Finding the Updates

vzmz · Post by **vzmz** » Fri Jan 02, 2004 9:23 pm

I have a tables which have to be updated using another table (which have all the updated records)
How can i achieve it?

ray.wurlod · Post by **ray.wurlod** » Fri Jan 02, 2004 11:25 pm

That's going to depend on a number of factors, none of which you bothered to tell us about. Let's call TableA the table that has to be updated, and TableB the table that contains the updates. Does TableB contain only records to cause updates to TableA, or does TableB contain these and other records besides?
(1) If the record structures are identical, and if the rows will be new rows in TableA, and TableA and TableB are in the same database instance, then it could be done with SQL, for example INSERT INTO TableA SELECT * FROM TableB; (possibly qualified with a WHERE clause in the SELECT).
(2) Even if the row structures weren't identical, but there were enough information in TableB rows, this approach would be doable.
(3) If TableA has to be updated rather than get new rows, you could create an UPDATE statement containing a correlated sub-query, but this may run slowly.
(4) You could create a DataStage job. This might be the best approach if, for example, TableA and TableB are in different databases, or if you need a robust mechanism for identifying which rows from TableB will generate INSERT operations on TableA and which rows from TableB will generate UPDATE operations on TableB (for example load a hashed file with primary key values from TableA and perform lookups against it, and maintain the hashed file as new rows are inserted into TableA.
(5) Are the records in TableB timestamped in any way? In this case you may be able to leverage this information to determine which rows have to be affected in TableA.
There are probably other strategies, depending on exactly what it is you want to do. How about revealing just a little more, so we can be a little more targetted in providing assistance? Right now your question falls into the same category as "how do I sort fruit?".

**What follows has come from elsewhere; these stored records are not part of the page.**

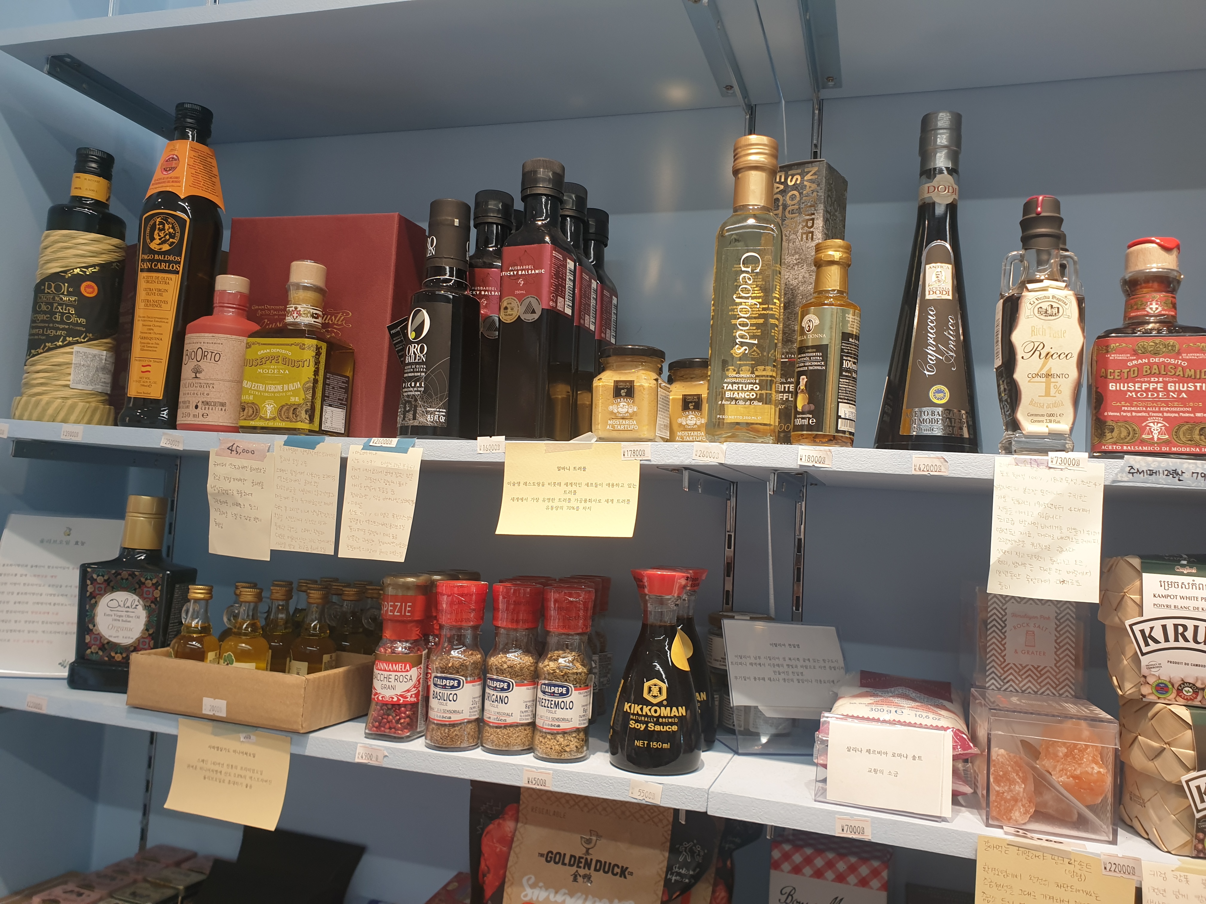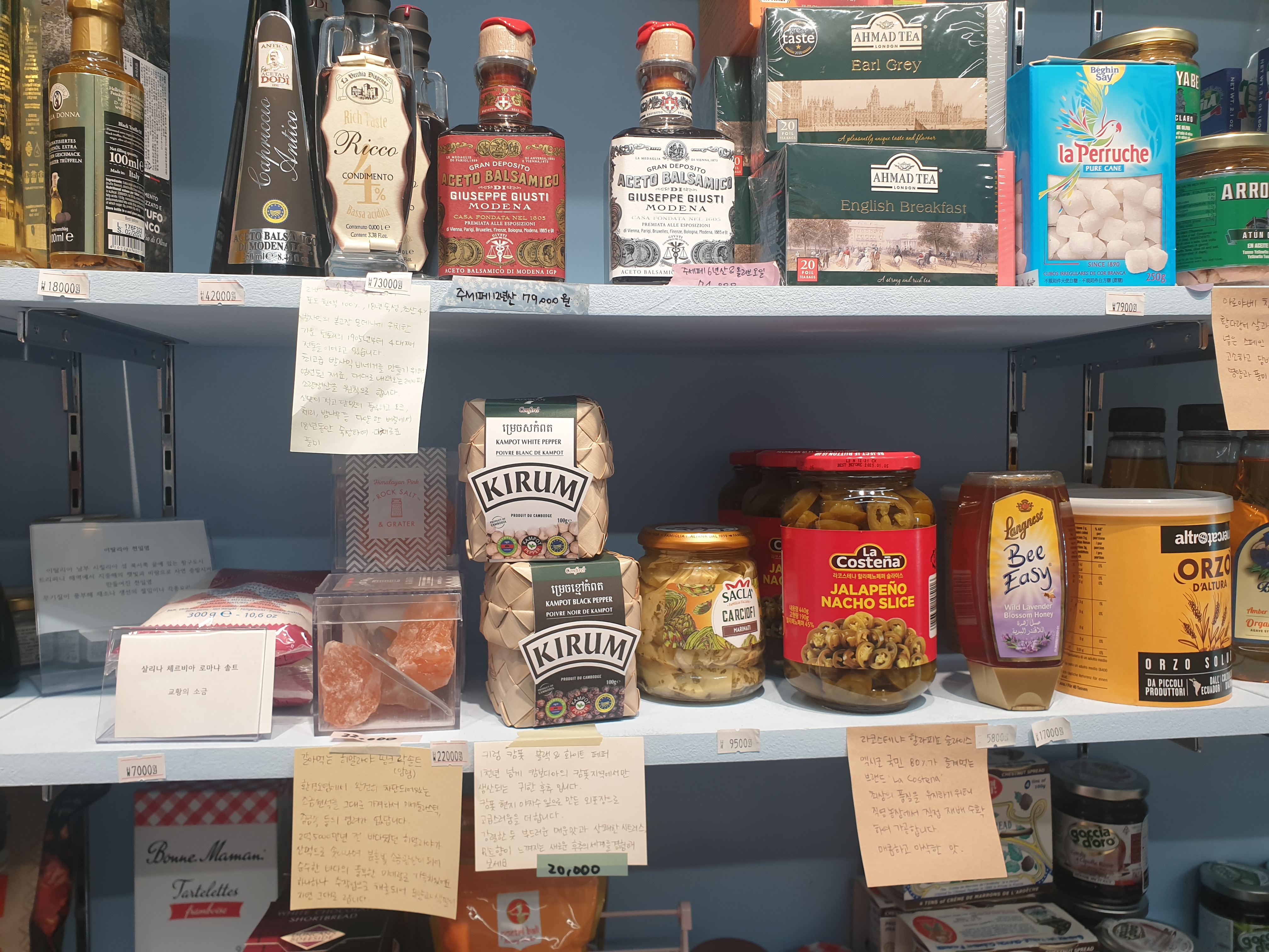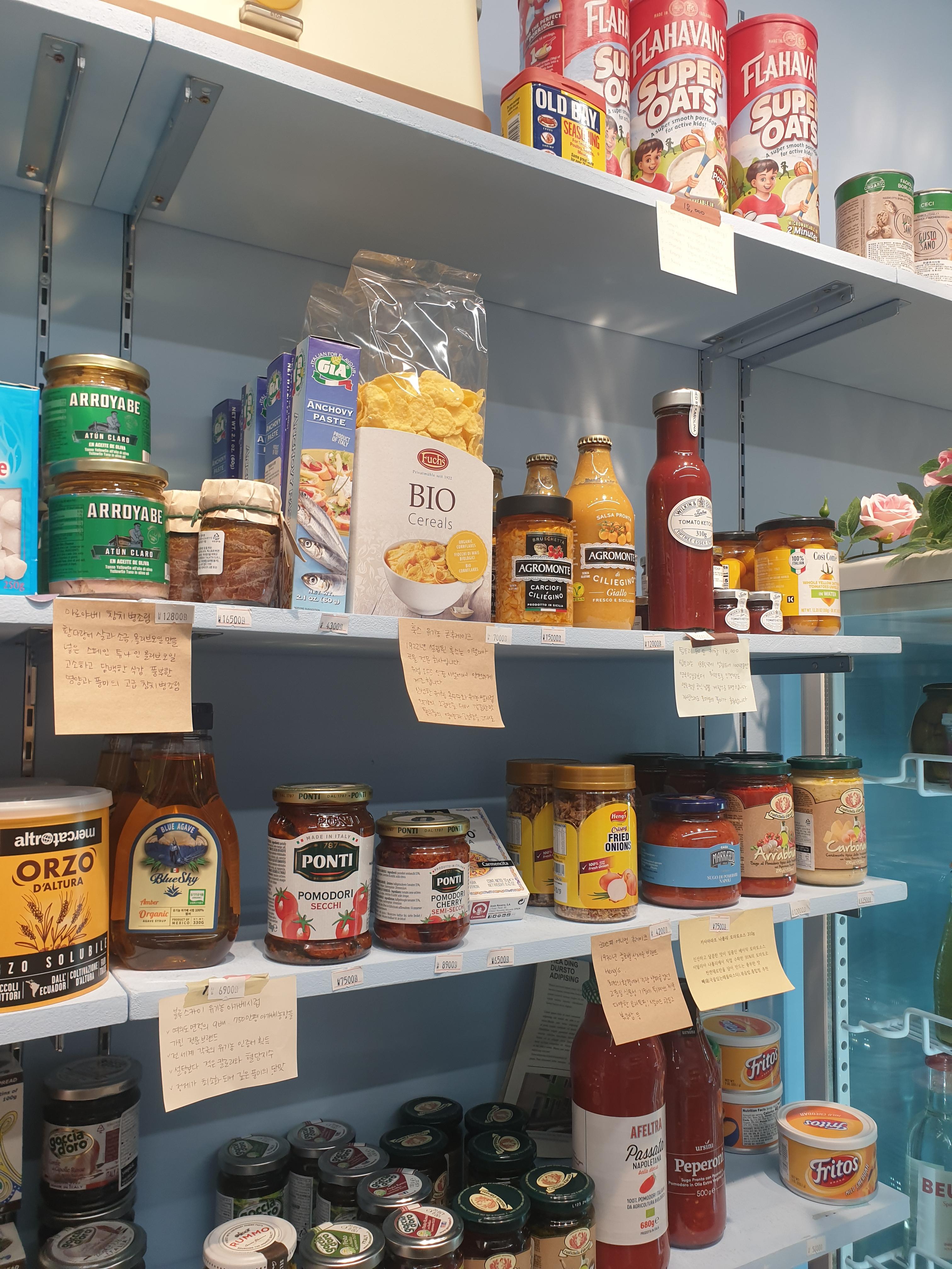 여러 나라의 식재료들의 비치되어 있는데요
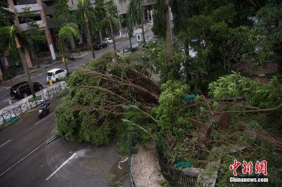 8月23日,今年第13号台风“天鸽”正面袭击澳门,最大阵风达17级,澳门悬挂自回归以来的首个十号风球。受其影响,海陆空交通中断,海水倒灌。图为街上树木被连根拔起。 中新社记者 龙土有 摄
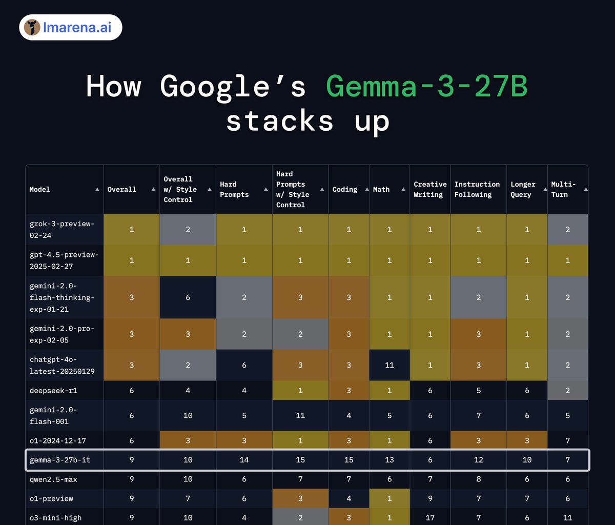 Gemini 2.5 Pro #1 across ALL categories, tied #1 with Grok-3/GPT-4.5 for Hard Prompts and Coding, and edged out across all others to take the lead 🏇🏆

Teej · Post by **Teej** » Sat Jan 03, 2004 10:40 am

Also, if you only want to update SOME of TableB records onto TableA, you can use the Lookup stage to verify that you are only pulling TableB records that have the same key values as TableA. This can hurt performance espeically with very large tables.

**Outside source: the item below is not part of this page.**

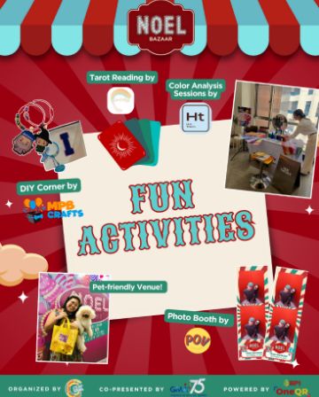 Shoppers can look forward to a packed line-up of activities: tarot reading at Soul Play by Lei, DIY souvenirs at MPB Crafts, memorable snaps at Photo Booth by POV, color analysis sessions by Hue Theory, and vintage shopping for a cause at the GMA Celebrity Ukay-Ukay booth。
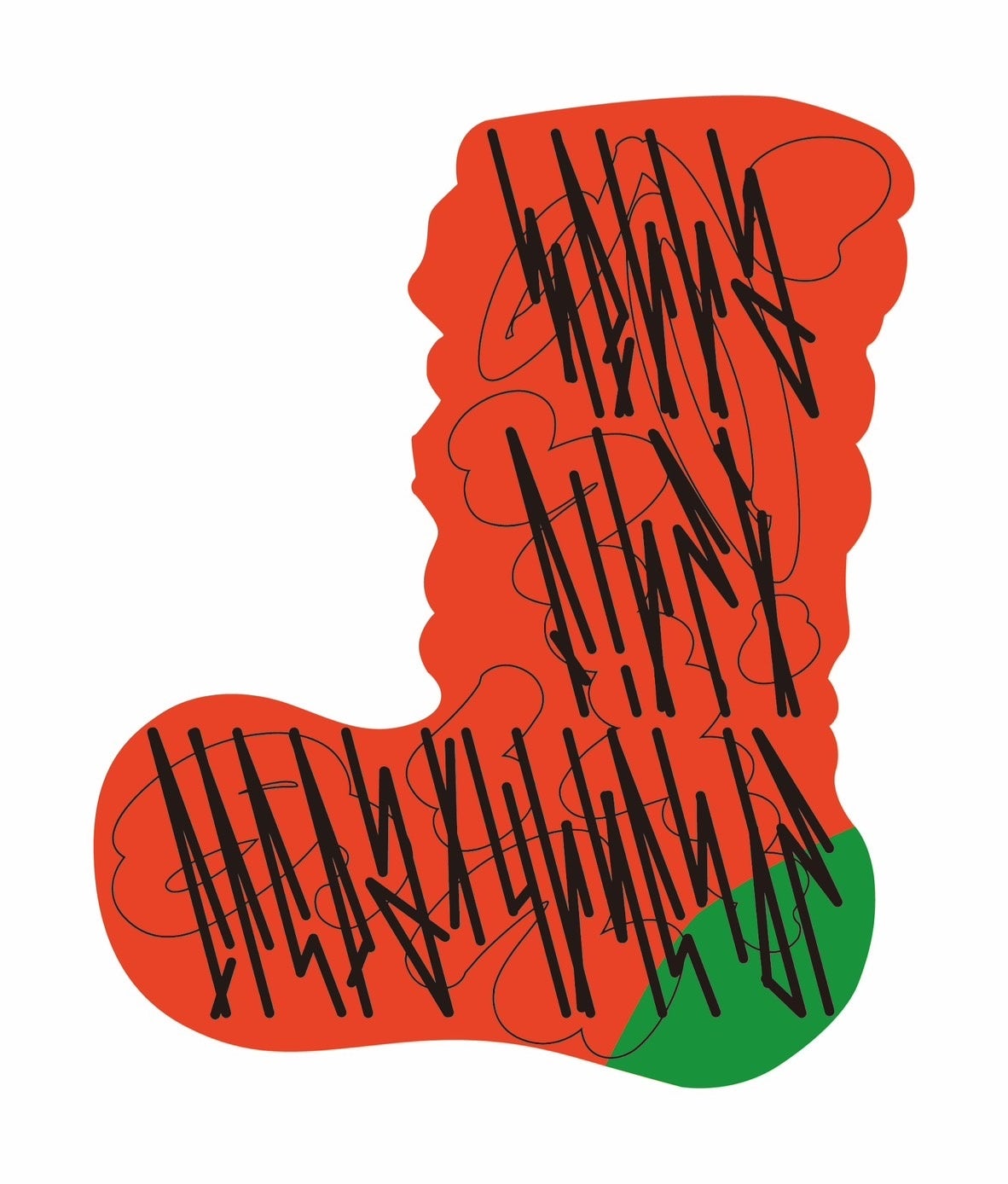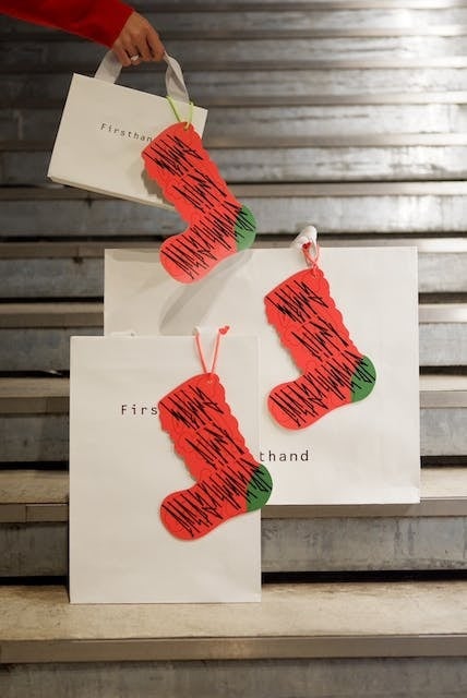 アートチャームはクリスマスの到来を感じさせる靴下型のデザイン。ショッパーから外してご自宅のクリスマスツリーのオーナメントや壁掛けとしてもお使いいただける仕掛けとなっており、表面に描かれた「Merry first Clap your hands」というメッセージには~OKI氏がFirsthandの「First」と「Hand」をデザインの中に入れ込みたいと思い作った言葉で「Merry first」~陽気が第一、楽しむのが第一という意味を込めて「陽気第一、手を叩こう」というアーティストの気持ちが込められています。

Can you please share your business requirements with us so we can provide a better (and more precise) suggestion?

-T.J.

vzmz · Post by **vzmz** » Mon Jan 05, 2004 1:50 pm

ray.wurlod wrote:That's going to depend on a number of factors, none of which you bothered to tell us about. Let's call TableA the table that has to be updated, and TableB the table that contains the updates. Does TableB contain only records to cause updates to TableA, or does TableB contain these and other records besides?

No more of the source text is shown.